## Supplied data

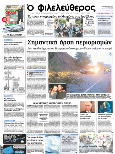 Ο «Φιλελεύθερος», υπό τον τίτλο «Σημαντική άρση περιορισμών» γράφει ότι λύσεις στις δυσκολίες που αντιμετώπιζαν στη διεξαγωγή μεγάλων επιχειρηματικών συναλλαγών ξένοι που δραστηριοποιούνται μέσω Κύπρου, δίνουν τα δύο διατάγματα του Υπουργείου Οικονομικών, ενώ επιτρέπεται η χωρίς μετρητά διακίνηση χρημάτων μέχρι 1 εκ. ευρώ ανά συναλλαγή για αγορά εντός της Δημοκρατίας. Ακόμη, γράφει ότι Κυβέρνηση και Κεντρική Τράπεζα έστειλαν υπογεγραμμένο το μνημόνιο στις Βρυξέλλες, ενώ η Βουλή συνέρχεται εκτάκτως την Τρίτη για να το εξετάσει. Σε άλλο θέμα, γράφει ότι ο Ντάουνερ εξισώνει τη Δημοκρατία με το ψευδοκράτος.
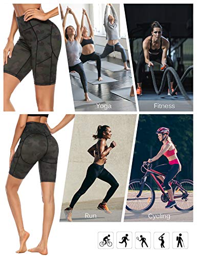 Sykooria Pantalones Cortos de Yoga para Mujer Leggings Deportivo con Bolsillos Mallas Cortas de Compresión para Running Casuales Fitness
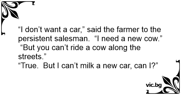 “I don’t want a car,” said the farmer to the persistent salesman. “I need a new соw.”
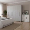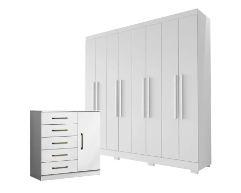 Guarda Roupa Casal Porto 8 Portas 4 Gavetas e Cômoda Milão Branco Brilho - Aramóveis

## Requirement
The copy should hold exactly the lines from the line containing "don’t want a" through the end of the data, both ends included, and no pictures.

## Completed exercise
 “I don’t want a car,” said the farmer to the persistent salesman. “I need a new соw.”
 Guarda Roupa Casal Porto 8 Portas 4 Gavetas e Cômoda Milão Branco Brilho - Aramóveis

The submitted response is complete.